Start in a browser when context matters. Variation Viewer and the dbVar Genome Browser show SV tracks in genomic context alongside genes and short variants. You can search by gene, coordinate range, or phenotype, toggle between GRCh37 and GRCh38, and zoom from chromosome to exon. A handy trick is to add the nstd102 track to instantly see clinically interpreted SVs in your region of interest. If you prefer UCSC or GDV, load the public dbVar track hub and keep your environment consistent across projects.

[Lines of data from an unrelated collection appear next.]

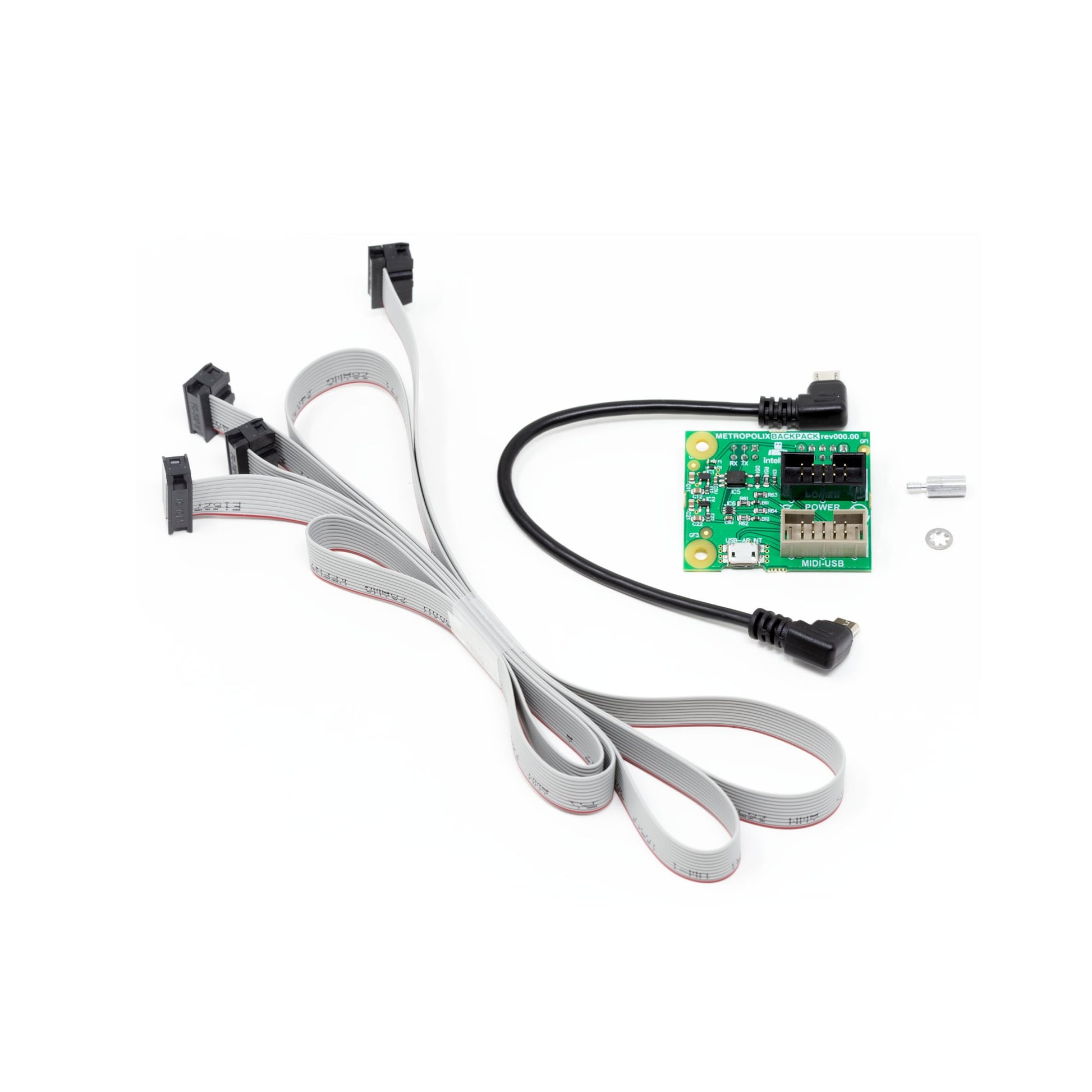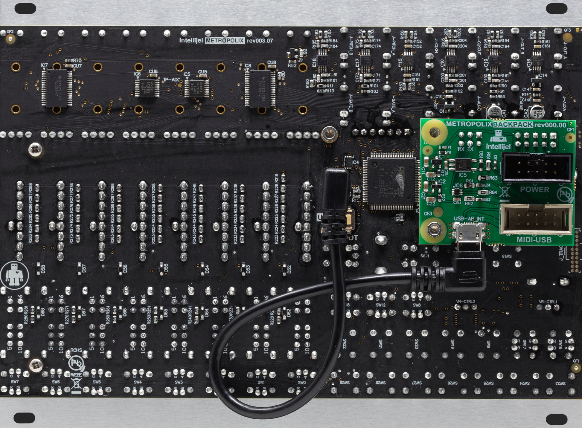 With the Metropolix backpack installed, you can connect directly to the MIDI DIN and USB jacks on the following Intellijel cases (via included 10pin ribbon cable):
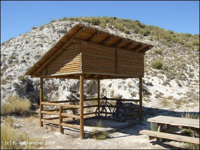Die M-222 zwischen Valdaracete und Brea de Tajo muss überquert werden. Auf der anderen Seite befindet sich wieder ein schöner Rastplatz mit Überdachung und Informationstafeln zur Region und dem Lehr- und Wanderweg (Senda Ecológica).
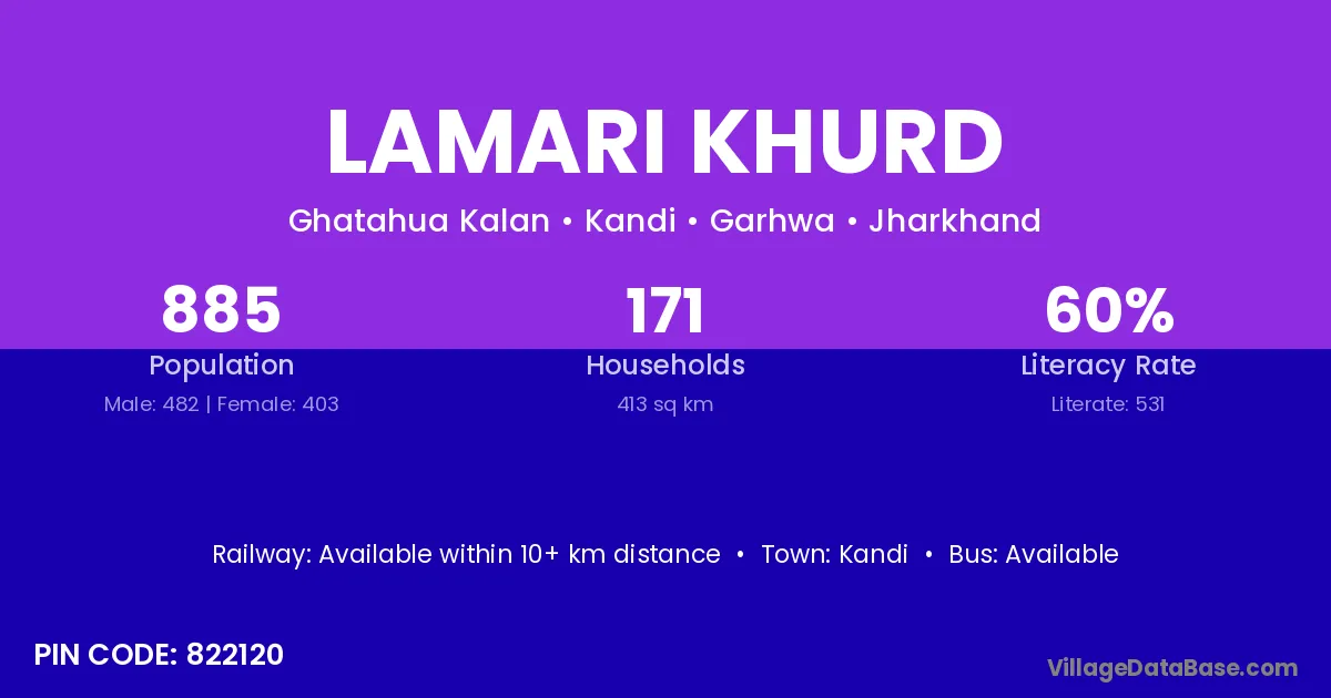 Lamari Khurd village has a total population of 885 people, of which 482 are males and 403 are females.

Hovering over a feature reveals its length and type; clicking the dbVar accession (for example, nsv… or nssv…) opens the variant page with details and links to related resources.
When you need automation or scale, switch to Entrez E‑utilities. dbVar is an Entrez database, so you can script searches with ESearch, summarize with ESummary, and fetch records or links just as you would for PubMed. The pattern is familiar: send a query, capture UIDs, then retrieve structured summaries for downstream parsing. Here’s a tiny Biopython example that finds the first few variants from study nstd102 and prints basic fields. Replace the query with your gene or coordinate filter as needed.
from Bio import Entrez
Entrez.email = "you@example.com"
# Search dbVar for clinical SVs in study nstd102
handle = Entrez.esearch(db="dbvar",
term='("variant"[Object Type] AND nstd102)',
usehistory="y")
ids = Entrez.read(handle)
summ = Entrez.esummary(db="dbvar",
webenv=ids["WebEnv"],
query_key=ids["QueryKey"],
retmax=5, rettype="xml")
print(summ.read().decode("utf-8") if hasattr(summ, "read") else summ)

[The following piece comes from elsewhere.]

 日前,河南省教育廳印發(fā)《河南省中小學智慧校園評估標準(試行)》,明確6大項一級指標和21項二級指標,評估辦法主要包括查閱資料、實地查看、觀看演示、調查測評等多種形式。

This pattern scales to hundreds of thousands of records using WebEnv and QueryKey without juggling explicit ID lists.
For bulk analysis, download standardized files from the dbVar FTP site. You’ll find VCF, GVF, and TSV bundles by study and assembly, with data for both GRCh37 and GRCh38. Because files are bgzipped and indexed, you can query them remotely with tabix without a local download. For example, this grabs all nstd102 variant regions on chr1:1–1,000,000 in GRCh38 directly from NCBI:
tabix -h https://ftp.ncbi.nlm.nih.gov/pub/dbVar/data/Homo_sapiens/by_study/vcf/nstd102.GRCh38.variant_region.vcf.gz 1:1-1000000
You can then intersect those results with your own targets using bedtools or stream them into a notebook for annotation. The FTP layout was redesigned to make this easier, with aggregated files by assembly and consistent naming.

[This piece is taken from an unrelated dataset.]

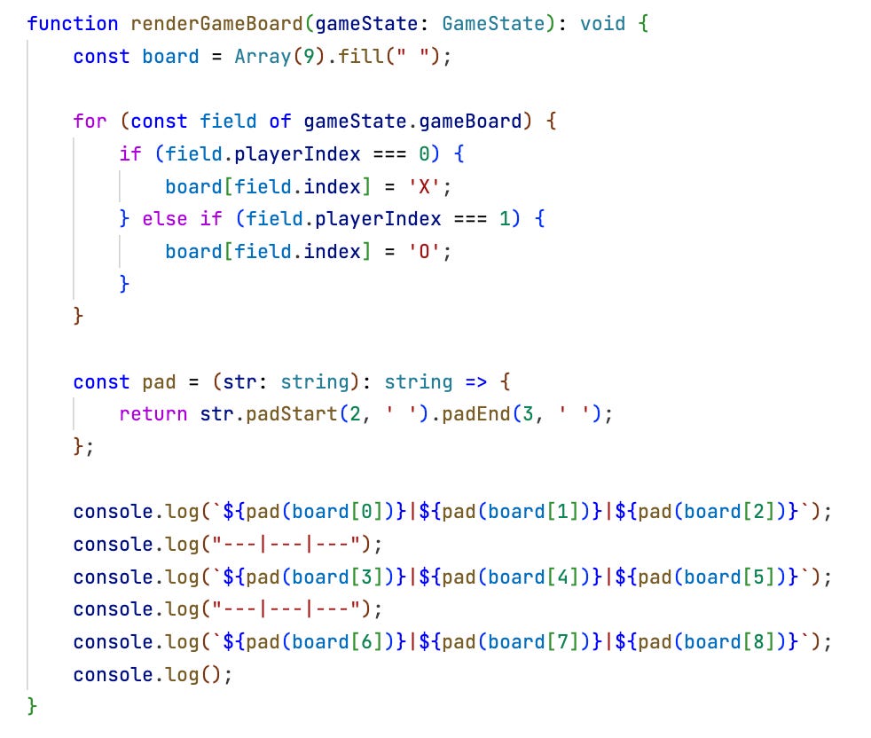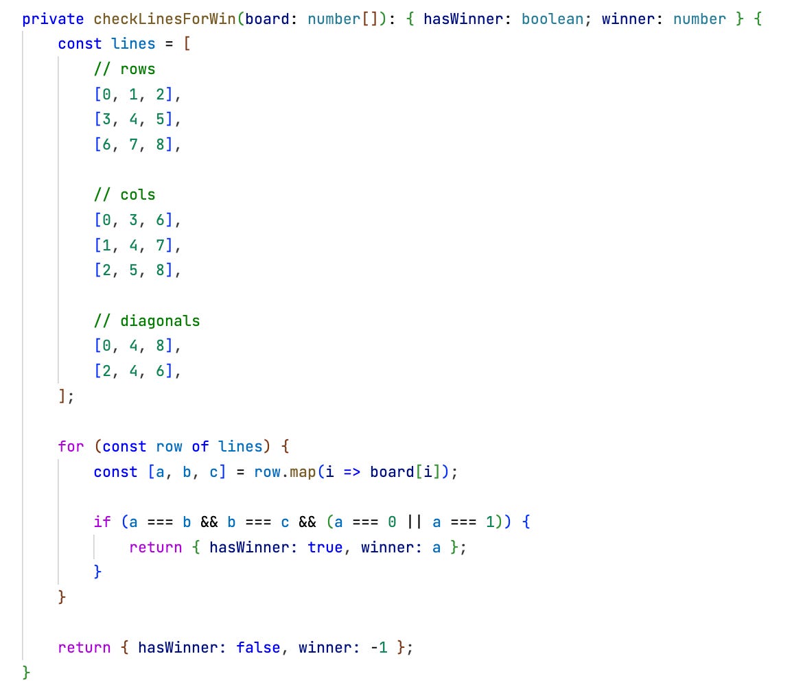 The business logic to check for a win or draw she puts in a pure function — checkLinesForWin()

A few practical notes help avoid confusion. dbVar synchronizes with DGVa at EMBL‑EBI, so the same study may appear with different prefixes depending on where it was submitted; treat nstd and estd as parallel doors to the same dataset. Also remember that “asserted regions” (nsv/esv) and “supporting calls” (nssv/essv) are both useful: the region provides a consolidated footprint, while the supporting calls expose the raw evidence, calling method, and placement details you may need for quality assessment or visualization. Finally, because structural variant calling remains heterogeneous, breakpoint precision varies; don’t be surprised if multiple asserted regions in different studies overlap rather than match exactly.
Summary / Takeaways
dbVar gives computational biologists a practical way to reason about large genomic changes. Use it to ground truth your calls against clinical collections like nstd102, to gauge background frequency with curated common SVs, and to visualize events in context before you commit to interpretation. Start in the browser to orient yourself, then automate searches with Entrez and stream VCF or GVF from FTP for scalable workflows. As you analyze, lean on the data hierarchy—asserted regions for a clean footprint, supporting calls for method‑level detail—and keep in mind that dbVar focuses on human data and syncs with DGVa. What question could you answer today by overlaying nstd102 with your region of interest and a gene list you care about?